A prepreg prepared by the conventional hot melt method using the carbon fiber and the thermosetting epoxy resin 1 (coating liquid A) used in Example 1 was used at 180 ° C., 6 kgf / cm ² (0.588 MPa) using an autoclave. ) Had a tensile strength of 2.92 GPa (Reference Example 1).

  The CFRP tensile strength was measured in the same manner as in WO2011 / 118106, and the value obtained by standardizing the volume% of the reinforcing fibers in the prepreg to 56.5% was used.

  The prepreg obtained by the production method of the present invention is a FRP typified by CFRP, and is a structural material or interior material for aerospace applications, automobiles, trains, ships, etc., a pressure vessel, an industrial material application, a sports material application, a medical device. It can be widely used for applications, housing applications, civil engineering and construction applications.
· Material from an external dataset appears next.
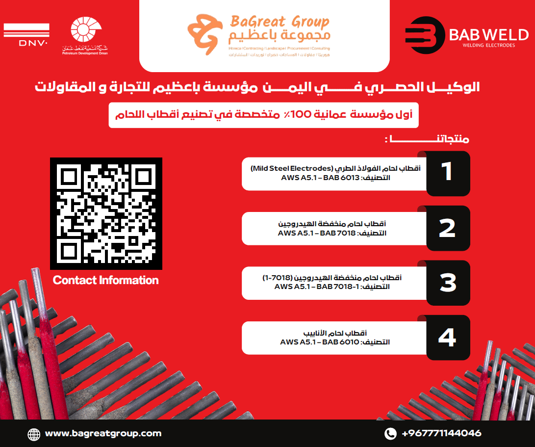 - أقطاب لحام الفولاذ الطري (Mild Steel Electrodes) AWS A5.1 – BAB التصنيف: 6013<br /> - أقطاب لحام منخفضة الهيدروجين AWS A5.1 – BAB التصنيف: 7018<br /> - أقطاب لحام منخفضة الهيدروجين (1-7018) AWS A5.1 – BAB - التصنيف: 1-7018<br /> - أقطاب لحام الأنابيب AWS A5.1 – BAB التصنيف: 6010<br /> <br /> أقطاب E6013 (فولاذ كربوني):<br /> النوع: طلاء كثيف منخفض الهيدروجين مع بودرة الحديد<br /> الخصائص: جودة راسب قابلة للفحص بالأشعة، كفاءة ترسيب >110%، سهلة الاستخدام في كافة الوضعيات وسهلة إزالة السداد<br /> الاستخدامات: أعمال اللحام الخفيفة والمتوسطة، معدات مشغّلة ديناميكيًا، مراكب الضغط، الجسور، خطوط الأنابيب والهياكل الثقيلة <br /> الأقطار المتوفرة: 2.5 مم، 3.2 مم، 4 مم.<br /> <br /> <br /> أقطاب ( 7018‐1 فولاذ منخفض الهيدروجين – فولاذ كربوني)<br /> :النوع: بودرة الحديد، كهربود منخفض الهيدروجين، ينتج لحامًا قويًا ومرنًا<br /> الخصائص: جودة قابلة للفحص بالأشعة، أداء ممتاز عند درجات حرارة منخفضة جدًا (حتى –50 °C)، مقاومة الشقّات الناتجة عن الهيدروجين <br /> الاستخدامات المثالية: اللحام على الهياكل الثقيلة، معدات الضغط العالي، منشآت بحرية، منشآت للتكرير، منصات حفر، مرافق تتعرض لصدمات شديدة، هياكل منصات تشغيلية ثخينة من الكربون ستيل <br /> الأقطار المتوفرة: 2.5 مم، 3.2 مم، 4 مم.

REFERENCE SIGNS LIST 1 reinforcing fiber 1a reinforcing fiber sheet 1b prepreg 2 coating liquid 3 release sheet 11a creel 11b unwinding device 12a array device 12b nip rolls 13, 14 transport roll 15 winding device 16 release sheet supply device 20 coating unit 20b Another embodiment Coating part 20c of another embodiment Coating part 20d of another embodiment Coating part 20e of another embodiment Coating parts 21a and 21b of another embodiment Wall members 21c and 21d Wall members 21e and 21f of different shapes Wall members of different shapes 21g, 21h Differently shaped wall members 21i, 21j Differently shaped wall members 22 Liquid reservoir 22a Region in which cross-sectional area decreases continuously in liquid reservoir 22b Region 22c in which cross-sectional area does not decrease in liquid reservoir A region 23 of the liquid reservoir where the cross-sectional area is intermittently reduced 23 Narrowing portions 24a, 24b Side plate member 25 Outlet 26 Gap 27 Plate Bush 27a One end 27b of width regulating mechanism One end 30 different from 27a of width regulating mechanism 30 Coating portions 31a and 31b of Comparative Example 1 Wall member 32 of Comparative Example 1 Liquid reservoir 33 of Comparative Example 1 Liquid reservoir 33 of Comparative Example 1 Of these, the areas 35a, 35b, and 35c where the cross-sectional area decreases intermittently. C The height D to the upper liquid surface of the liquid reservoir 22 D The gap G between the constrictions The position H where the width is regulated The vertical height I where the cross-sectional area of the liquid reservoir 22 continuously decreases I The wall height L The liquid Width M of reservoir 22 Distance R to wall surface R, Ra, Rb Vortex flow T Circulation flow U Coating liquid flow W near corner formed by intersection of constricted surface and open air surface Coating liquid impregnation measured just below constricted portion 23 The width Y constricted portion 23 of the reinforcing fiber sheet 1b Width Z running direction of the reinforcing fiber sheet 1a (vertically downward)
θ Taper opening angle 411a Creel 411b Unwinding device 412a Reinforcement fiber bobbin 413a Redirection guide 414 Reinforcement fiber bundle 415 Reinforcement fiber arrangement device 416 Reinforcement fiber sheet 417 Widening device 418 Smoothing device 419 Redirection roll 420 Reinforcement fiber preheating device 430 Coating section 431 First coating section 432 Second coating section 441 Direction change roll 442 Release sheet (upper) supply device 443 Release sheet (lower) supply device 444 High tension take-up device 445 Direction change roll 446 Release sheet 447 Laminating roll 448 High tension take-up device 449 High tension take-off S-shaped roll 450 Additional impregnating device 451 Heating plate 452 Heating nip roll 453 Simple additional impregnating device 454 Heating nip roll 455 Heating S-shaped roll 456 Contact roll 461 Cooling device 462 Pulling-in 463 release sheet (upper) winding device 464 winder 471 prepreg 472 prepreg / release sheet (sheet-like integrated product)

Claims (16)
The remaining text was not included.